Hey folks, I’m in a bit of a pickle with my data migration project. I’ve managed to pull data from HubSpot into PostgreSQL using CloudQuery, but I’m hitting a wall with the query complexity.
The main issue is with the hubspot_crm_contacts
table. It’s got two JSON columns: properties
(with contact details) and associations
(linking to other entities like companies).
Here’s what’s bugging me:
- The
associations
column sometimes has duplicate entries. What’s up with that?
- My SQL queries are getting super complicated, especially when I try to fetch contacts with their associated data.
- I’m worried about how to handle multiple associations in the future.
I’ve tried a CTE approach to join contacts with companies, but it feels clunky and hard to scale.
WITH contact_companies AS (
SELECT
c.id,
c.properties->>'full_name' AS name,
c.properties->>'work_email' AS email,
jsonb_array_elements(c.associations->'companies'->'results') AS company_data
FROM
hubspot_crm_contacts c
)
SELECT
cc.id,
cc.name,
cc.email,
comp.properties->>'company_name' AS company
FROM
contact_companies cc
JOIN
hubspot_crm_companies comp ON (cc.company_data->>'id') = comp.id;
Is there a way to transform this data before it hits PostgreSQL? Or maybe a better way to structure it for easier querying? I’m all ears for suggestions!
I’ve been through a similar situation with HubSpot data migration, and I can share what worked for me. Instead of trying to handle all the complexity in PostgreSQL, I found it more effective to pre-process the data before insertion.
I used Python with the ‘pandas’ library to flatten the JSON structures and handle the associations. This approach allowed me to create cleaner, denormalized tables that were much easier to query.
For the duplicate entries in associations, I used a simple dict to keep track of unique associations while iterating through the data. This eliminated duplicates before they even hit the database.
As for scaling with multiple associations, I created separate junction tables for each type of association (contacts_companies, contacts_deals, etc.). This relational approach made it much easier to manage and query complex relationships.
While it required some upfront work, this method significantly simplified my downstream queries and improved overall performance. It might be worth exploring for your use case as well.
Your approach using CTE is on the right track, but I agree it can get unwieldy. Have you considered using PostgreSQL’s built-in JSON functions more extensively? They can simplify your queries significantly.
For the duplicate entries in associations, you could use jsonb_array_distinct()
to remove duplicates before processing.
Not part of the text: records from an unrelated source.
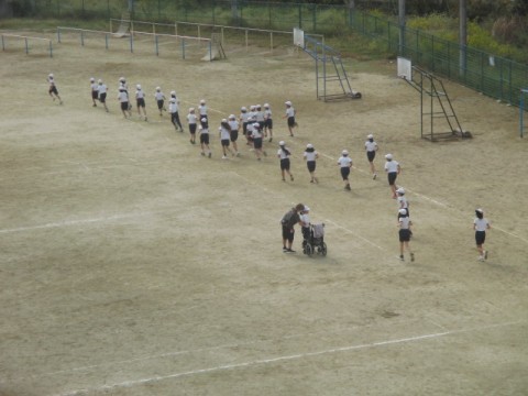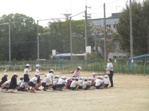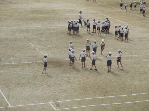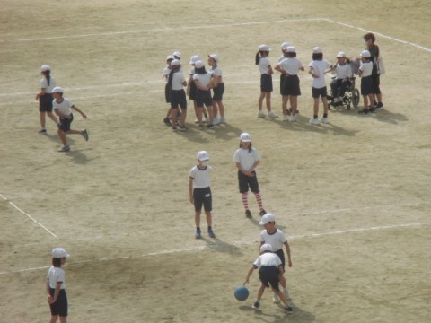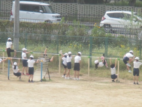 運動場で「ラインポートボール」,「鉄棒」に取り組んでいます。
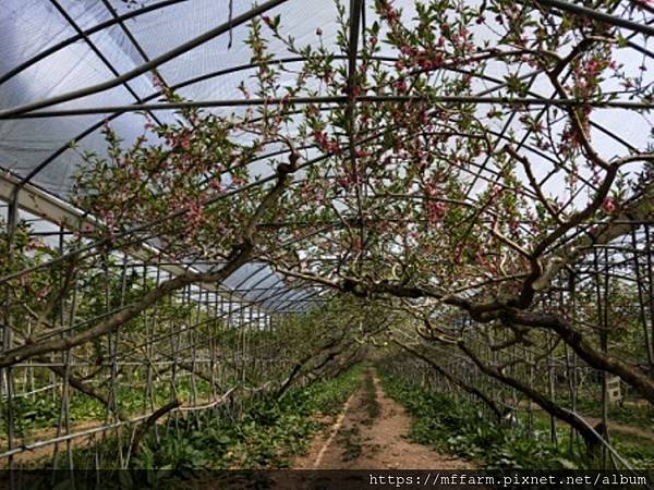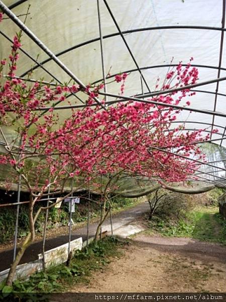 桃花廊的桃花多已由花轉為葉,現在仍具看頭的,非蟠桃莫屬了。
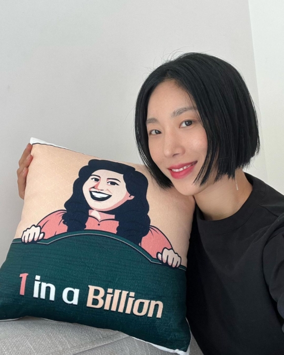 공개된 사진 속에는 '금쪽 상담소' 쿠션을 안고 환하게 웃고 있는 리아킴의 모습이 담겨있다.
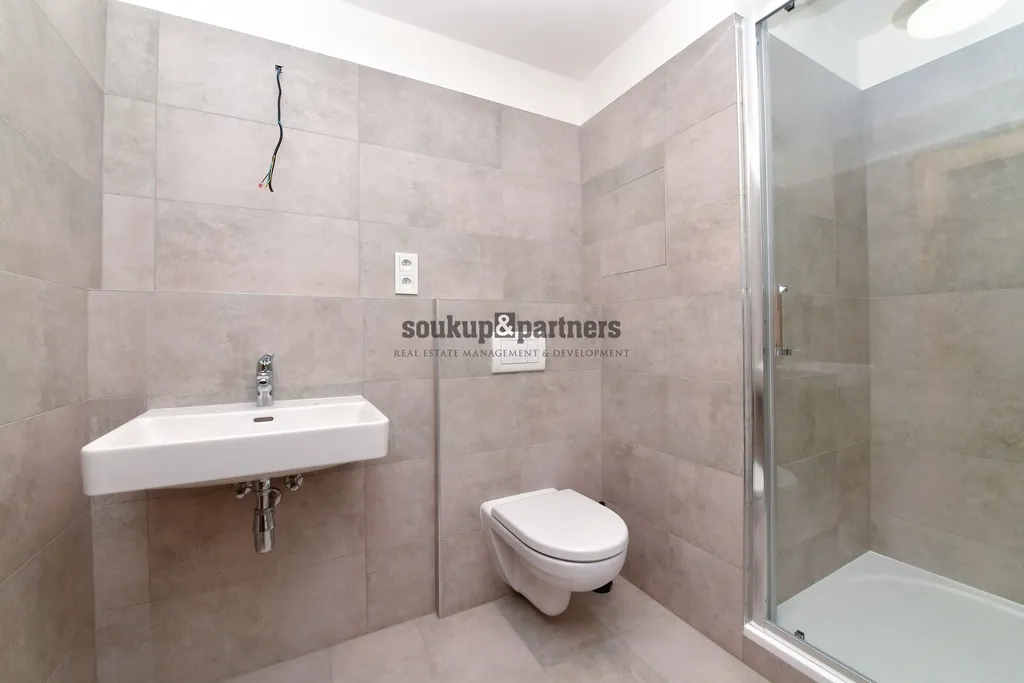 Vše nové - Kuchyňská linka vč. spotřebičů, koupelna se sprchovým koutem a toaletou, na podlahách keramická dlažba a vinyl.
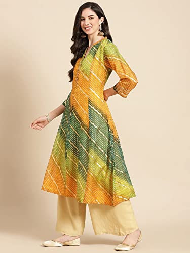 Nitimatta Kurtas per donne indiane designer etnico dritto Anarkali A-Line Kurti tunica top - verde - S

As for complex queries, creating custom functions might help encapsulate some of the logic.
Here’s a potential query structure:
SELECT
c.id,
c.properties->>'full_name' AS name,
c.properties->>'work_email' AS email,
jsonb_array_elements_text(
jsonb_array_distinct(
c.associations->'companies'->'results'
)
) AS company_id
FROM hubspot_crm_contacts c;
This flattens the structure while handling duplicates. You could then join this result with the companies table as needed. For handling multiple associations, consider creating separate junction tables for each association type. This relational approach often proves more manageable in the long run.
hey flying leaf, i feel ur pain with complex data structures. have u considered using a materialized view? it could simplify ur queries n improve performance. something like:
CREATE MATERIALIZED VIEW contact_company_view AS
SELECT
c.id,
c.properties->>‘full_name’ AS name,
c.properties->>‘work_email’ AS email,
comp.properties->>‘company_name’ AS company
FROM hubspot_crm_contacts c
LEFT JOIN hubspot_crm_companies comp ON (c.associations->‘companies’->‘results’->0->>‘id’) = comp.id;
this might help with the duplicate issue too. just a thought!